U.S. Senate Majority Leader Chuck Schumer and House Speaker Nancy Pelosi hold a news conference on Capitol Hill
U.S. Senate Majority Leader Chuck Schumer attends a news conference at the U.S. Capitol in Washington, U.S., July 20, 2021. (REUTERS/Elizabeth Frantz/File Photo)

WASHINGTON (Reuters) – President Joe Biden’s fellow Democrats will seek to head off both a government shutdown and a potentially economically crippling U.S. credit default on Tuesday while also trying to agree on a mammoth tax and spending package for his ambitious social policy agenda.

Senate Democrats had hoped to avoid a partial government shutdown and to suspend the federal debt ceiling with a single vote. But they were blocked on Monday by Republicans, who have offered broad opposition to Democratic legislative priorities and said the two matters should be dealt with separately.

The Democrats hold slim majorities in the Senate and House of Representatives.

Senate Majority Leader Chuck Schumer said more votes are likely, but did not specify what course he would take.

Lawmakers have just three days to avert a possible government shutdown by midnight Thursday, the end of the current fiscal year. Failure to do so could results in furloughs for hundreds of thousands of federal workers in the middle of a public health crisis.

Congressional Democrats also will seek a way to raise the government’s $28.4 trillion borrowing cap before the Treasury Department runs out of techniques to service the nation’s debt, sometime in the second half of October. Republicans have said they will not help.

Fiscal brinkmanship has become a regular feature of U.S. politics over the past decade thanks to ongoing partisan polarization.

The most recent government shutdown, occurring during the presidency of Biden’s Republican predecessor Donald Trump, lasted 35 days before ending in January 2019.

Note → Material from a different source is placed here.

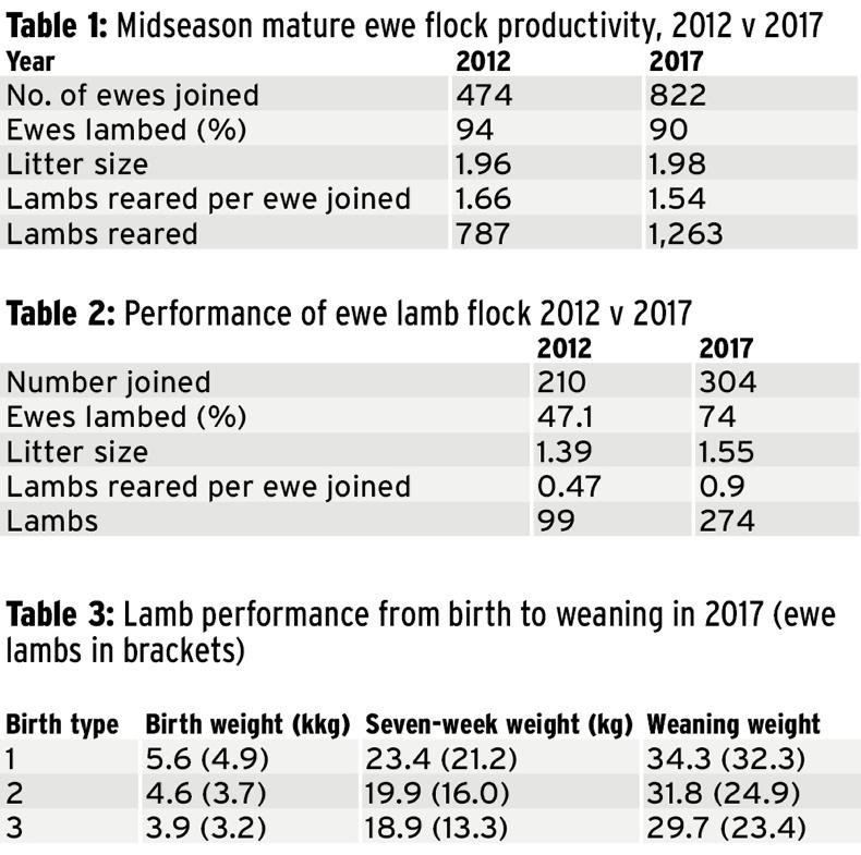 When Brian joined the programme in 2012, he was lambing just over 470 ewes and reared 787 lambs. Five years on, he lambs 822 mature ewes and has also witnessed a doubling in productivity from his ewe lamb flock, which totalled 304 head joined to the ram in 2016.

“This isn’t your typical Washington fracas,” Schumer said on the Senate floor after Monday’s vote. “It has far more severe consequences than the typical political catfight.”

Democrats point out that much of the nation’s new debt was incurred during Trump’s administration.

A government shutdown or a default would be a setback for the Democrats, who have portrayed themselves as the party of responsible government after Trump’s chaotic presidency.

Democrats are also struggling to unite behind two pillars of Biden’s domestic policy agenda – a $1 trillion infrastructure bill and a $3.5 trillion social spending package.

Democrats originally planned to handle both bills in tandem. But at a party caucus meeting on Monday, House Speaker Nancy Pelosi said her chamber would vote on the infrastructure bill on Thursday even though lawmakers are still negotiating the social spending bill including its total cost.

“We just have to make difficult choices,” Pelosi said, according to a source familiar with her comments who spoke on condition of anonymity.

Centrist Democrats have balked at the scale of the social spending package. The White House and top lawmakers may narrow some benefits to bring the price tag down, sources say, but they have yet to settle on a figure.

Lawmakers on the party’s left have threatened to torpedo the infrastructure bill. They have expressed concern that the plan to expand health and education benefits and fight climate change could fall by the wayside if Congress prioritizes spending on highways, broadband and other infrastructure.